La Germania potrebbe porre fine al vantaggio fiscale per i detentori di criptovalute a lungo termine
Punti chiave
- •Il Ministero delle Finanze tedesco ha proposto un’imposta fissa del 25% sui guadagni derivanti dalle criptovalute, con entrata in vigore prevista nel 2028.
- •Le norme tedesche attuali consentono ai privati di vendere criptovalute senza pagare imposte dopo averle detenute per più di 12 mesi.
- •Il regime proposto si applicherebbe agli asset in criptovalute acquistati a partire dal 1° gennaio 2027, mentre gli acquisti precedenti potrebbero rimanere soggetti alle norme vigenti.
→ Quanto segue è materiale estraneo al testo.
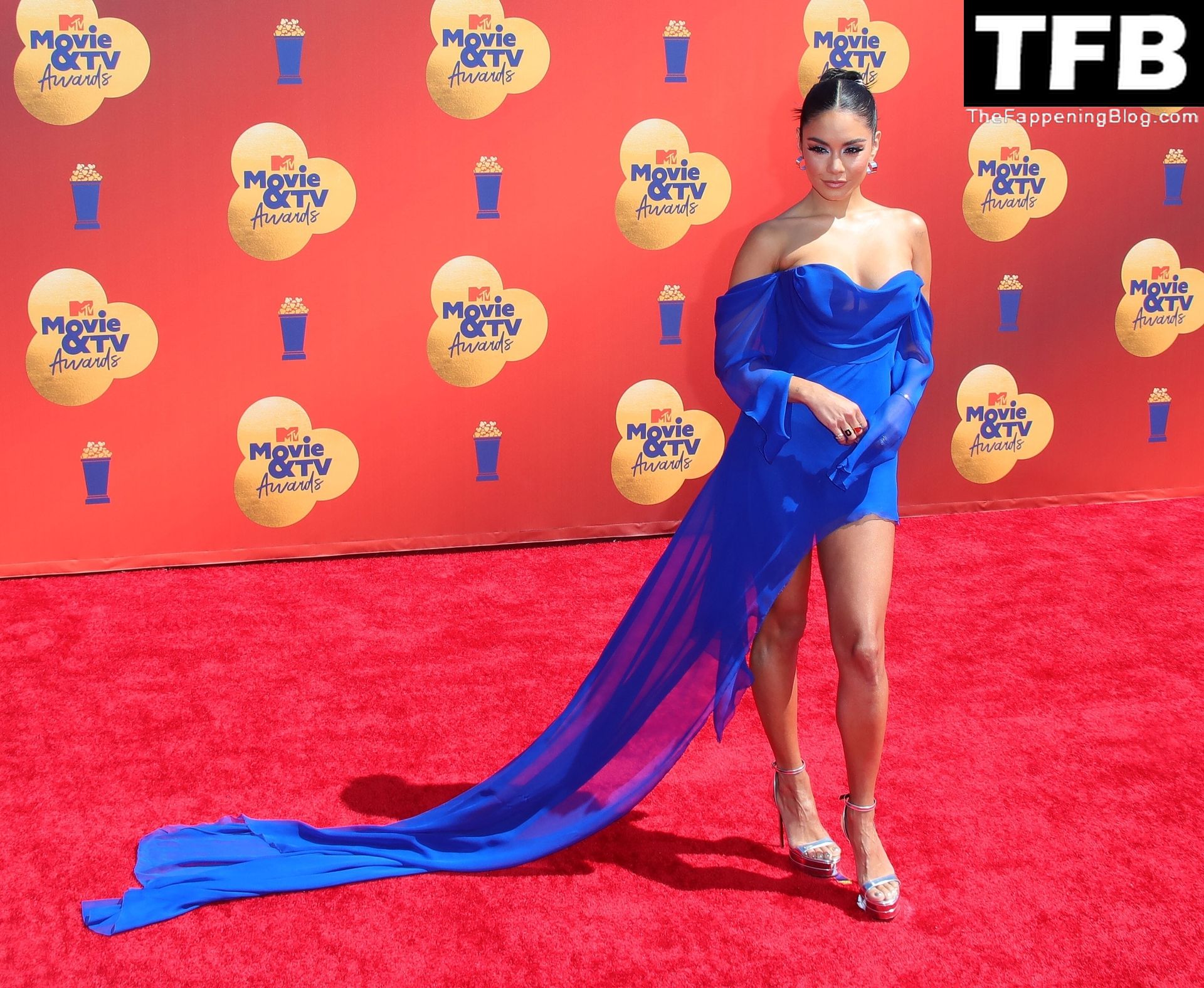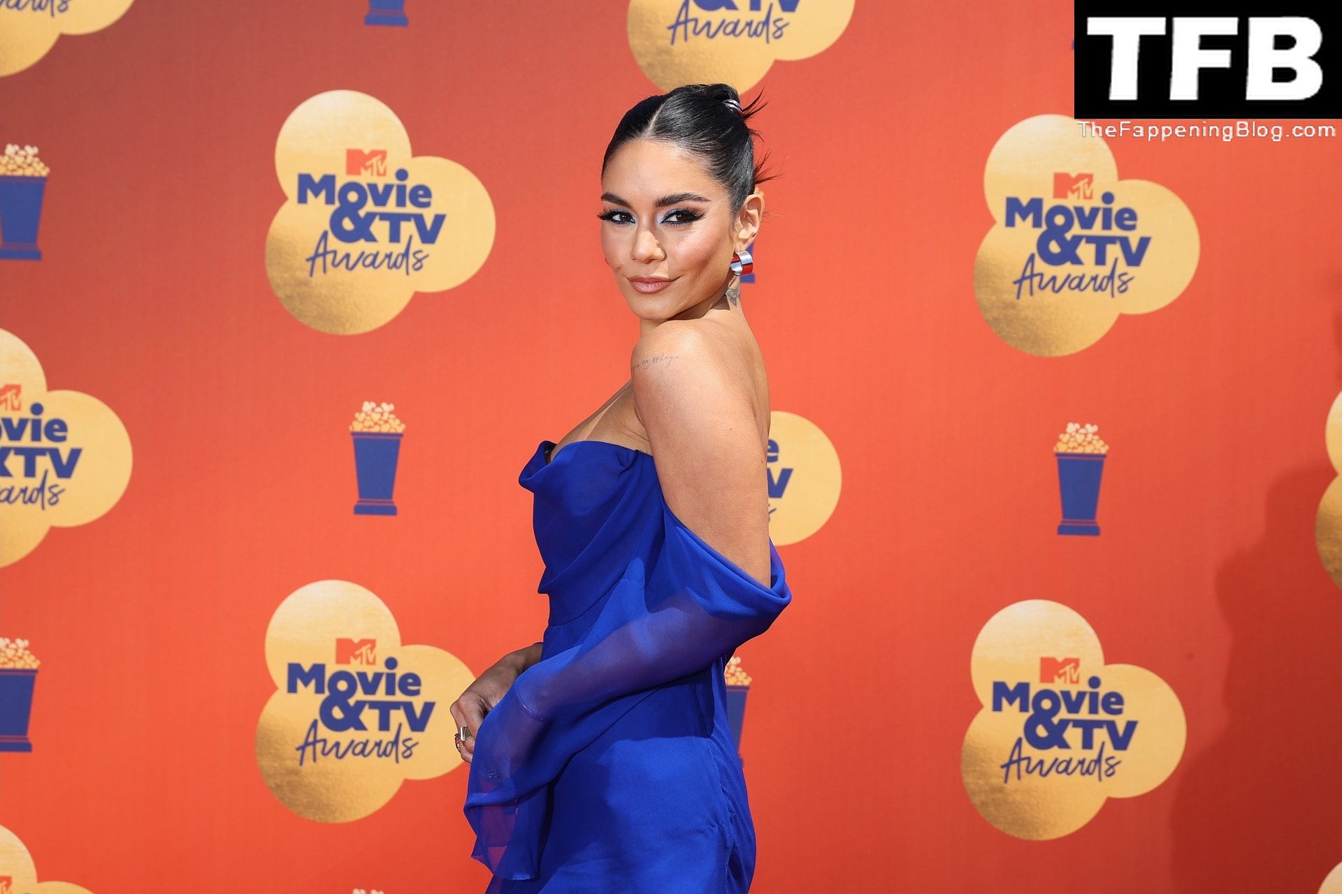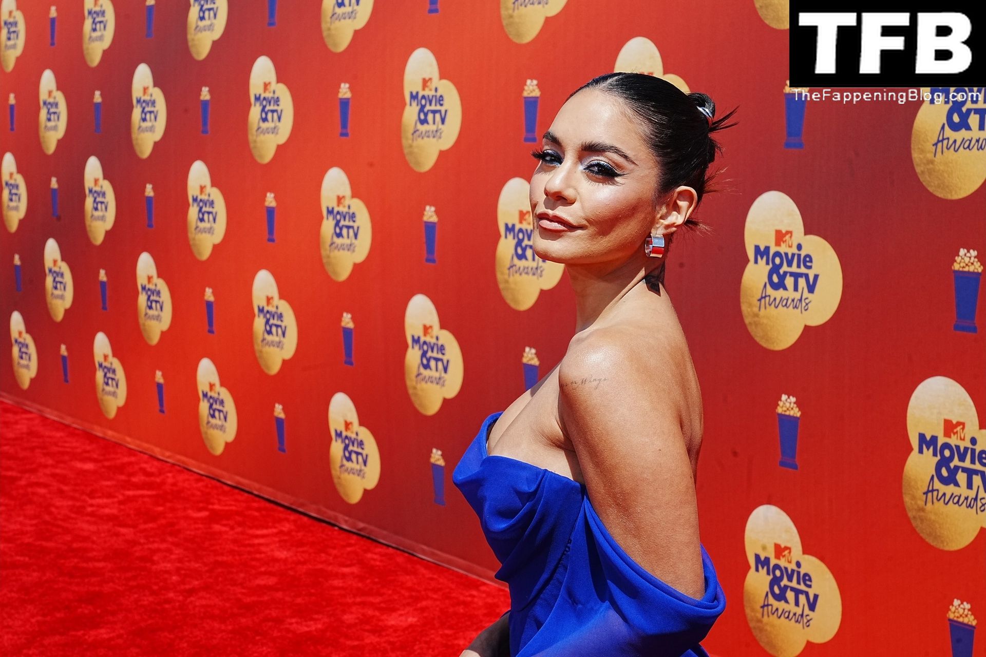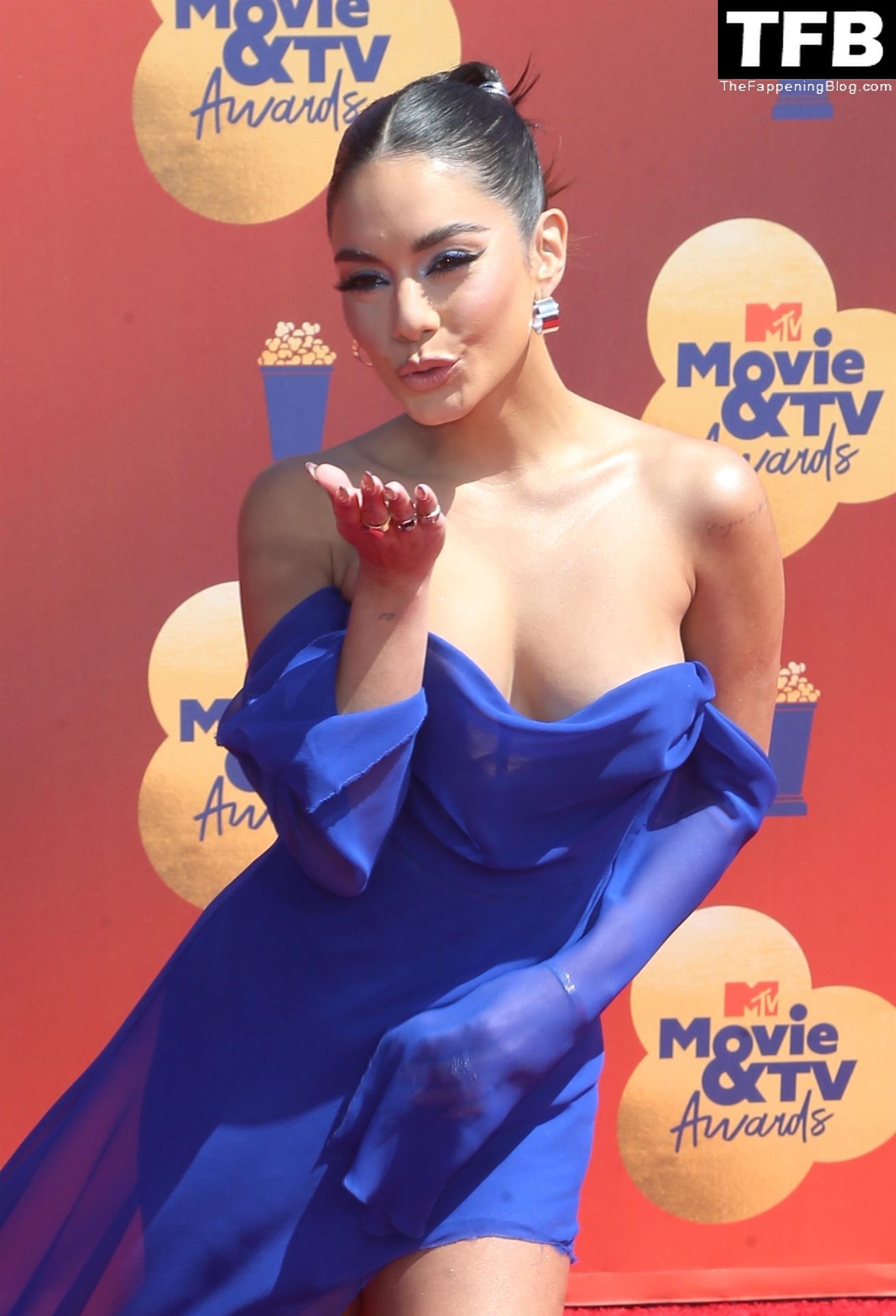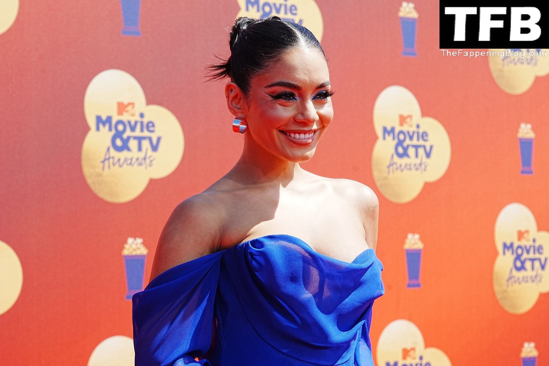 La estrella de The Fappening Vanessa Hudgens posa con un vestido azul en la alfombra roja de los MTV Movie & TV Awards en The Barker Hangar en Santa Mónica, 05/06/2022.
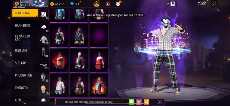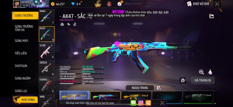 Acc chơi lâu, nhiều skin súng xịn, đầy đủ áo và phụ kiện nam. Đồ đủ dùng, đẹp mắt – vào chơi là chiến ngay! Phù hợp anh em thích skin đẹp, súng mạnh, acc ổn định.
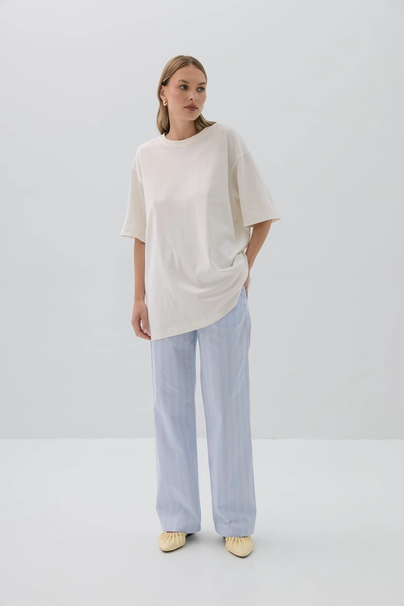 Poznaj nasze długie bawełniane spodnie z szeroką, prostą nogawką. Ten model jest doskonałym wyborem zarówno na codzienne wyjścia, jak i bardziej formalne okazje, zapewniając komfort noszenia przez cały dzień.
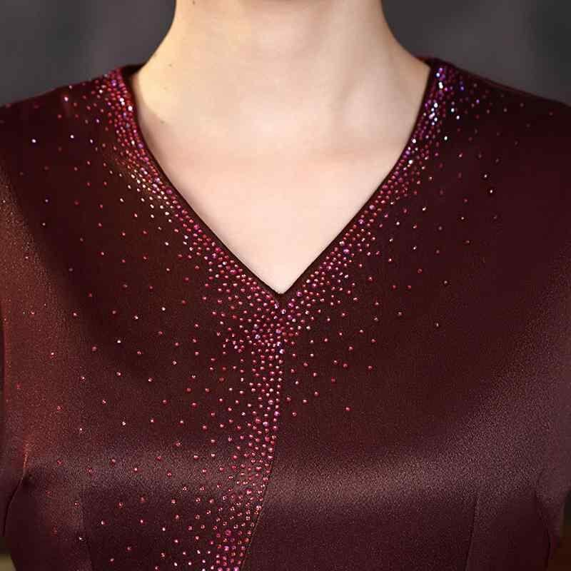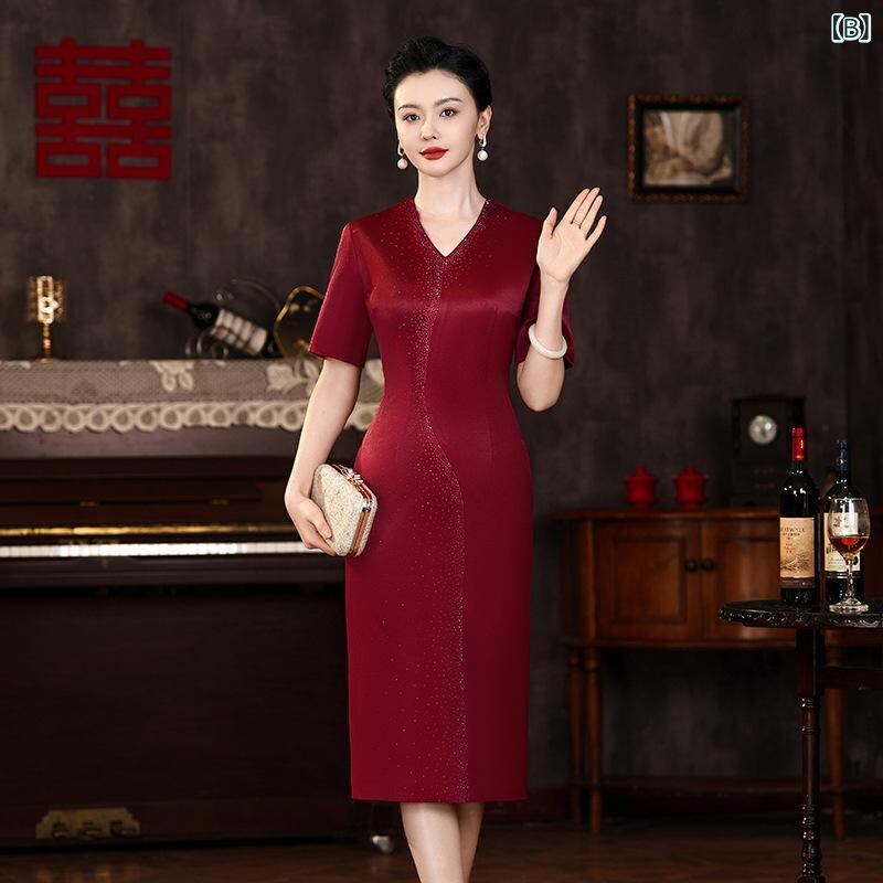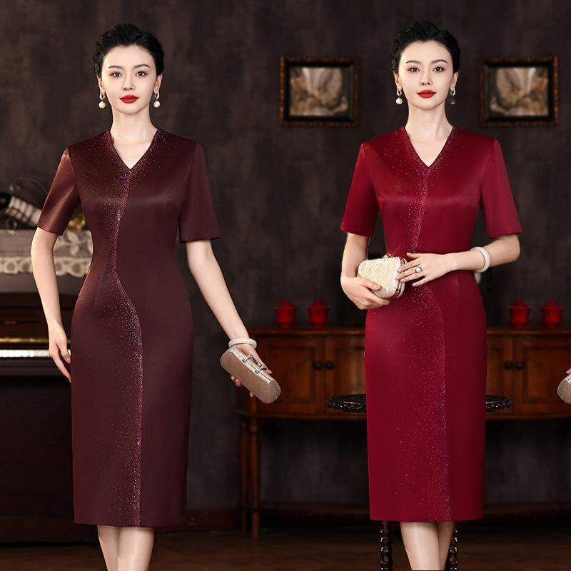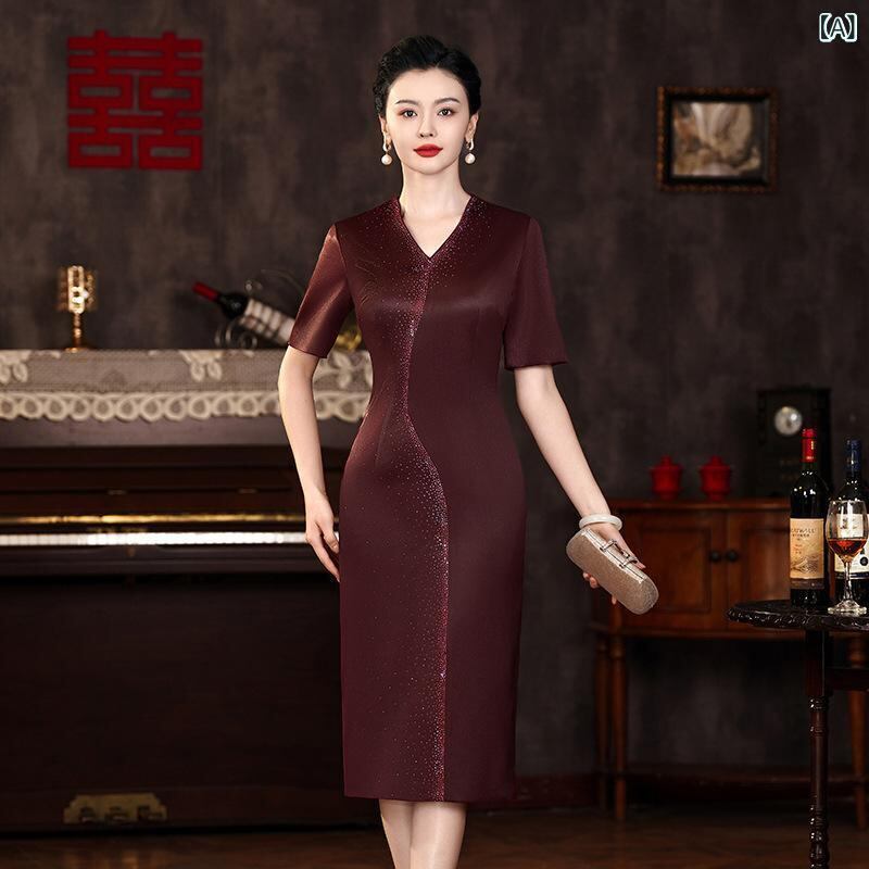 チャイナドレス 女性用 ママ向け 春夏 アセテート ストレッチサテン スパンコール装飾 スタイルアップ 細見え 普段使い デイリー フォーマル パーティー ロング丈 Vネック 半袖 スリット入り

- •La Germania prevede che le regole riviste generino ulteriori $2.3 miliardi di entrate dalla tassazione delle criptovalute.
- •Poiché la misura è ancora una proposta preliminare, la sua portata definitiva e le modalità di attuazione potrebbero cambiare prima dell’entrata in vigore.

La Germania si prepara a porre fine a un importante vantaggio fiscale per i detentori di criptovalute a lungo termine: il Ministero delle Finanze propone un’imposta fissa del 25% sui guadagni derivanti dalle criptovalute a partire dal 2028, secondo una proposta preliminare riportata da Die Welt.
Secondo le norme attuali, in genere i privati possono vendere criptovalute senza pagare imposte dopo averle detenute per più di 12 mesi. Questa disposizione ha reso la Germania una destinazione attraente per gli investitori di lungo termine in Bitcoin e in altre criptovalute.
Il regime proposto si applicherebbe agli asset in criptovalute acquistati a partire dal 1° gennaio 2027. Gli asset acquistati prima di tale data potrebbero rimanere soggetti alle norme vigenti, secondo quanto indicato nella proposta preliminare riportata.
Poiché la misura è ancora una proposta preliminare, la sua portata definitiva e le modalità di attuazione potrebbero cambiare prima dell’entrata in vigore di eventuali nuove norme. In caso di revisione delle regole, la Germania prevede di generare ulteriori $2.3 miliardi di entrate dalla tassazione delle criptovalute. Il cambiamento eliminerebbe il vantaggio fiscale di lunga data del Paese per i detentori che conservano i propri asset per più di un anno e avvicinerebbe il trattamento tedesco a quello degli altri principali mercati europei, dove i guadagni sulle criptovalute sono tassati indipendentemente dal periodo di detenzione.